To (3) the answer is "Yes" if I understand you correctly.
Otherwise this is the wrong way round.
The only practical way to answer (1) fully is to write a long email
trying to explain various Stata programming concepts and why
you appear to be misunderstanding some of them. In any case
that is already very well done in the manuals. A short answer,
however, is that much of the point of temporary variables
is to rule out any question of name conflict.
(2) is unclear, at least to me, partly for similar reasons.
Show us a real example problem and your attempt at it; then
somebody should be able to explain a good solution for your example.

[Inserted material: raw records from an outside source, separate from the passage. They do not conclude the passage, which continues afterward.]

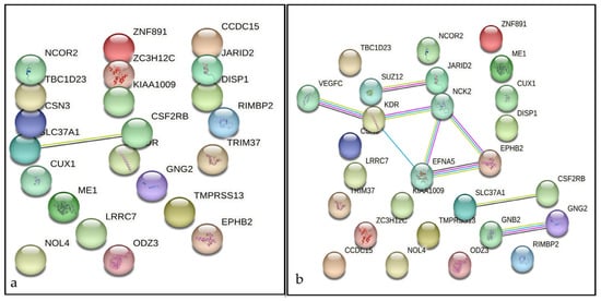 - Pegolo, S.; Dadousis, C.; Mach, N.; Ramayo-Caldas, Y.; Mele, M.; Conte, G.; Schiavon, S.; Bittante, G.; Cecchinato, A. SNP co-association and network analyses identify E2F3, KDM5A and BACH2 as key regulators of the bovine milk fatty acid profile. Sci. Rep. 2017, 7, 17317. [Google Scholar] [CrossRef] [PubMed]
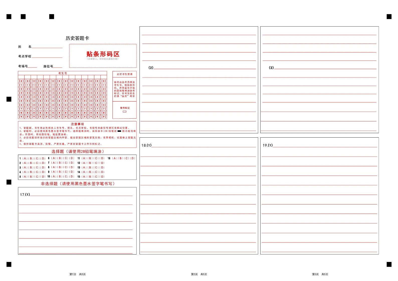 河南省2026届高三下学期高考适应性考试 历史答题卡.pdf
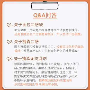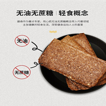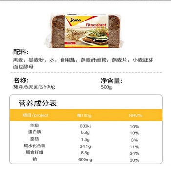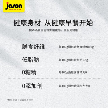 • 捷森jason 燕麦黑面包500g/袋 饼干蛋糕全麦早餐吐司 粗粮低脂无蔗糖食品健身代餐
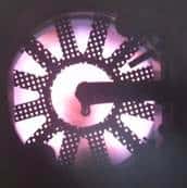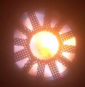 Air enters the combustion blower and travels through the body of the burner. At the end of the burner throat, where the burner bolts to the generator, there will be a metal ring. This is the fuel distribution ring. Fuel gas exits this ring through fuel ports where it meets the air and they collectively travel through a diffuser plate. These ports can have covers on them to limit the BTU input of the burner by limiting the amount of fuel that passes through. The diffuser plate is a circular assembly of metal arms with small holes in them that extend in front of the exit ports on the fuel distribution ring, and is used to promote mixing of the fuel and air.
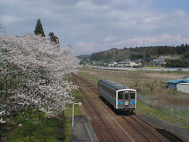 のんびりと各駅停車に揺られるうち、桜の綺麗な駅を見つけた。さっそく途中下車(笑) 駅名は菅尾(すがお)。無人の小さな駅だが、桜は立派である。幸いなことに、大分行きの列車がすぐにくるようなので、桜をバックに撮影する。やってきたのは黄色のDC125。青空、桜、黄色の車両のコントラストがよい。って、昨日も同じ文を書いた気がする(^^; しかし架線がない分、今日の方が断然よい。単線ディーゼルの勝利!
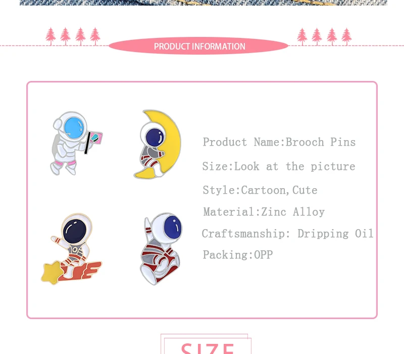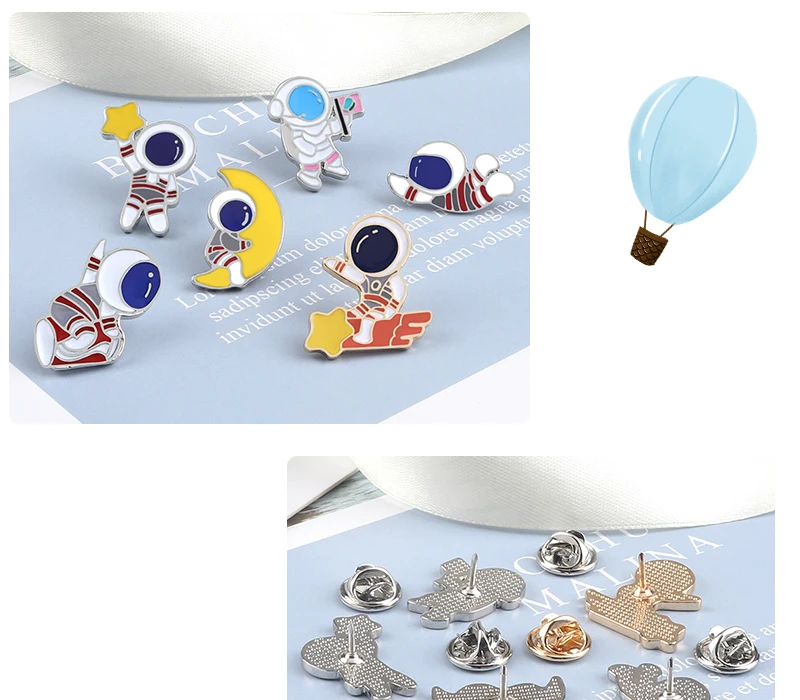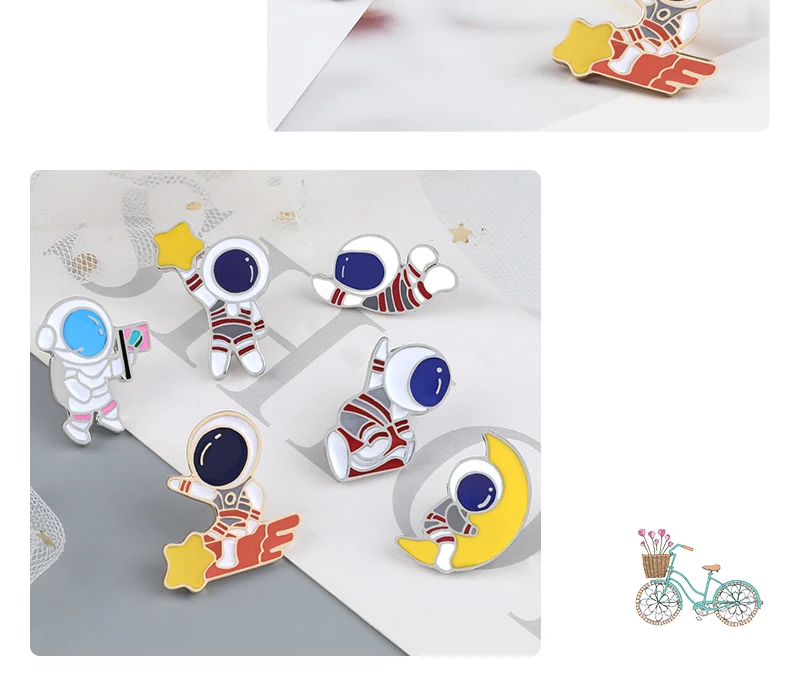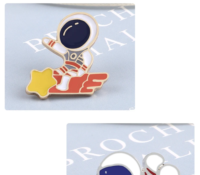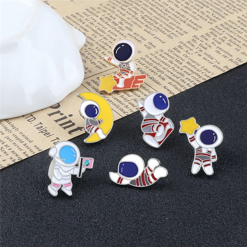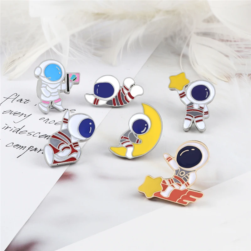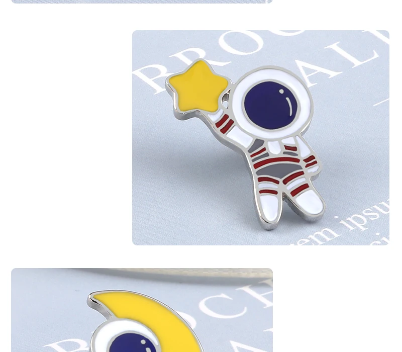 Эмалированная брошь с изображением космонавта, Луны, звезды
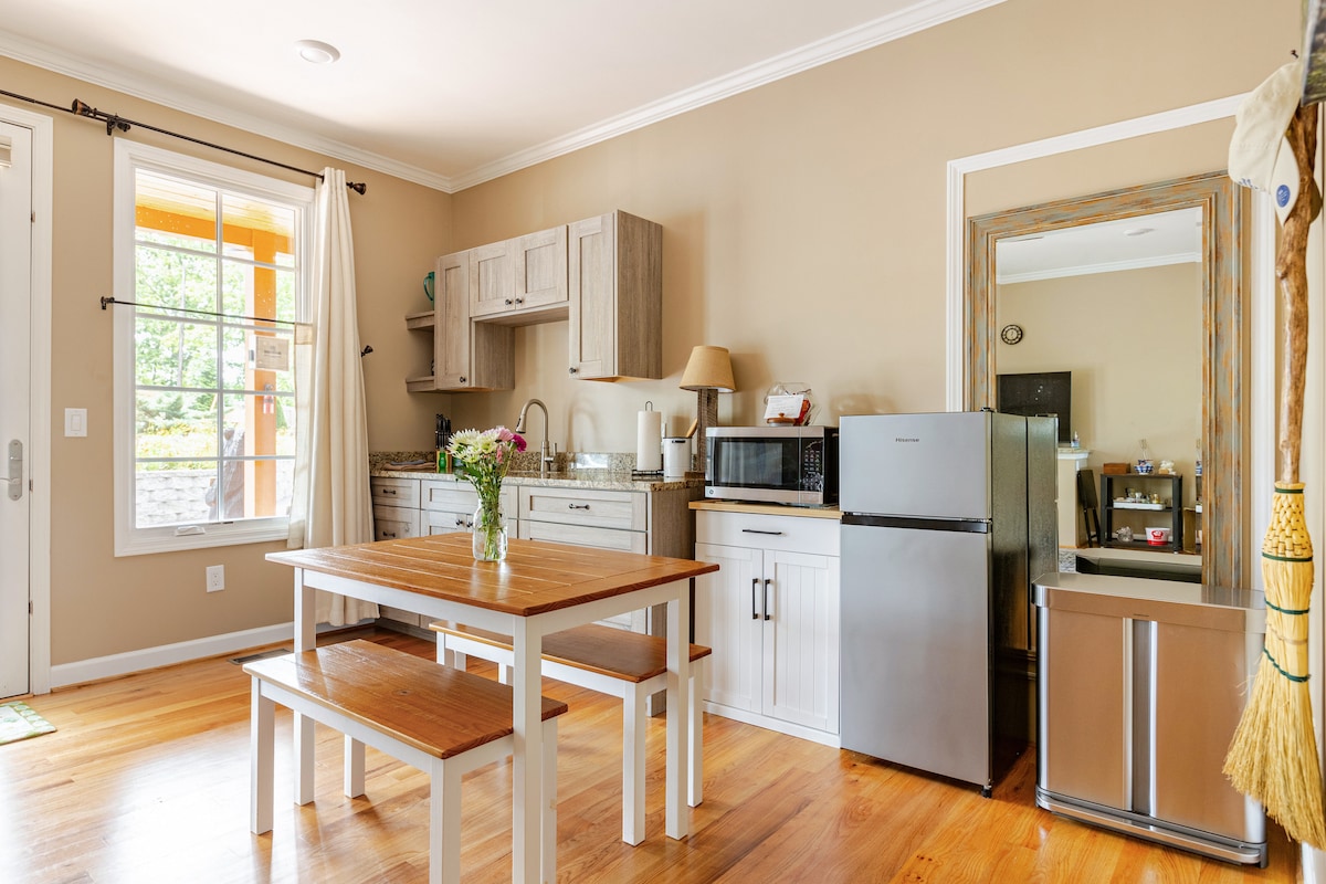 Sakit meşəlik ərazidə yerləşən, Eşvil şəhər mərkəzindən cəmi 14 dəqiqəlik məsafədə, Hetli Puentə 25 dəqiqəlik məsafədə və Uivervildəki N. Meyn küçəsindən ¼ mil məsafədə yerləşən ayrıca studiya mənzili. Qonaq Süitası, Qərbi Şimali Karolinanın ən yaxşı turistik yerlərinə asan giriş imkanı ilə meşəlik sakitliyi mükəmməl şəkildə birləşdirir. Uzaqdan iş və ya işgüzar səfərlər üçün ideal olan xüsusi iş sahəsi və yaxınlıqdakı qəhvə mağazalarından yararlanın. Qısamüddətli və ya uzunmüddətli qonaqlamaları qəbul edirik və ziyarətinizi unudulmaz etmək üçün buradayıq!
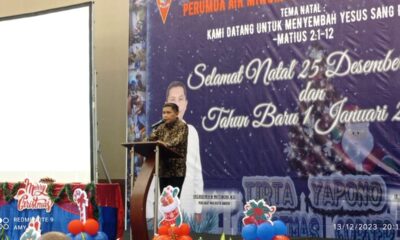 AMBON,DM.COM,-Penjabat Walikota Ambon, Bodewin Wattimena menghadiri perayaan Natal Perusahaan Umum Daerah Air Minum (PERUMDAM) Kota Ambon, di Hotel Santika, Rabu (13/12/2023). Perayaan Natal perusahaan milik Pemeirntah...
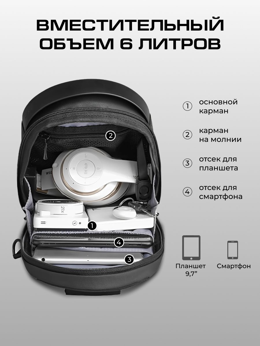 Рюкзак мужской городской небольшой 6л для планшета 9.7 через плечо Mark Ryden MR7507 Черный влагостойкий с USB портом молодежный
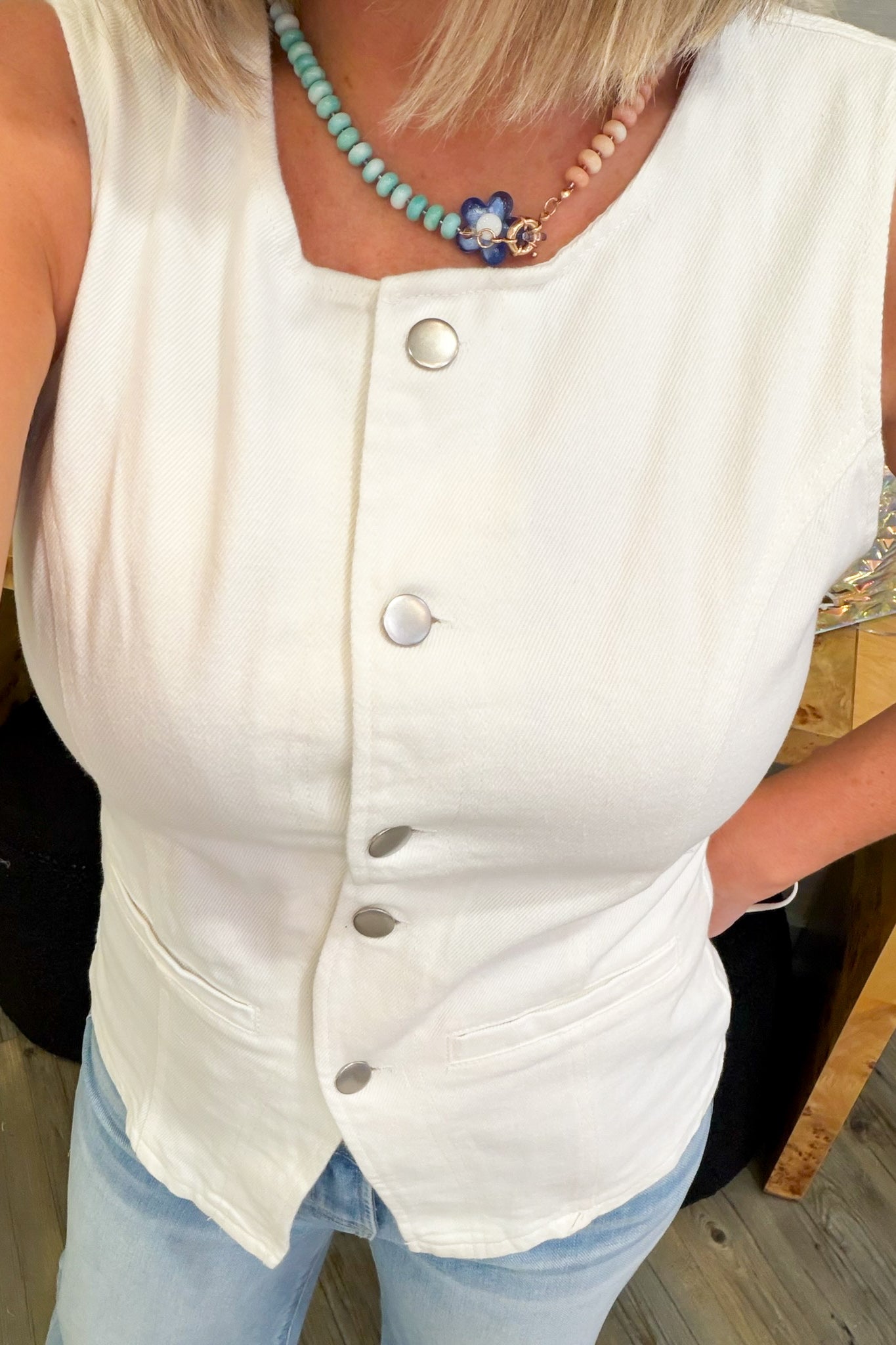 Crisp white denim meets effortless cool in this sleeveless button-down essential. Perfect for layering over your favorite tee or wearing solo when the weather warms up, this versatile top transitions seamlessly from casual weekends to dressed-up occasions. The classic button-front design and structured denim fabric keep you looking polished while the sleeveless cut offers maximum comfort and style. A wardrobe staple that works harder than you'd think.
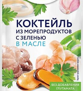 Коктейль из морепродуктов Меридиан в масле с зеленью 200г производится из кальмаров, мидий, осьминогов и креветок, выловленных у юго-западного побережья Латинской Америки, в северных водах Тихого океана и теплых морях Юго-Восточной Азии. Отборное сырье очищается и обрабатывается по современным технологиям, позволяющим максимально сохранить аккуратный внешний вид и уникальный вкус продукта. Отварные морепродукты в пряной заливке из растительного масла с петрушкой, паприкой и чесноком - это готовый к употреблению деликатес, который можно сразу подавать к столу в качестве изысканной закуски или использовать для приготовления легких салатов и горячих блюд.

In any case, it may well turn out that you are trying a non-Stataish
way to solve a problem when there is a much simpler Stataish
way to do it.
Nick
[email protected]
Florence Neymotin
> Hello everyone, I am writing a .ado file that is supposed to
> mimic what
> would be done by a "function" in other languages. The problems I'm
> running into are:
>
> (1) that I would like to temporarily create some extra variables but I
> don't want their names to conflict with the names of
> variables that the
> user might already have in the dataset. I.e. if I write in
> the .ado file
> "syntax varlist" to query the user for the variables he/she
> wants to use
> in calling the .ado file, and then I go through the local
> "varlist" and
> give them NAMES so that I can refer to them in the body of
> the .ado file,
> I'm worried that I might name them something that the user
> might already
> have in the dataset for something else (or even for that SAME
> variable).
> Is there a way to make sure that there is no conflict in the names? I
> know there is a "tempvar" statement so that the variables
> will be dropped
> after the .ado file completes, but I am worried that they
> might actually
> not be CREATED due to the name already being used for
> something else...
>
> (2) Is there a way to FORCE stata to return a function after
> the .ado file
> completes? So far, I have just been creating scalars and
> matrices inside
> of the .ado file, but I think this is probably not that
> efficient for my
> purposes since I really want the function ITSELF to take on a
> value or a
> matrix.
>
> (3) If you call a .ado file from inside another .ado file,
> can I pass in
> the syntax statement from the outer file? I.e. if I write in
> the "outer"
> file that the user sees: "syntax varlist", and then call the
> inner .ado
> file as "inner `varlist'" does that make sense? I wasn't
> sure whether I
> was allowed to use this macro in this way.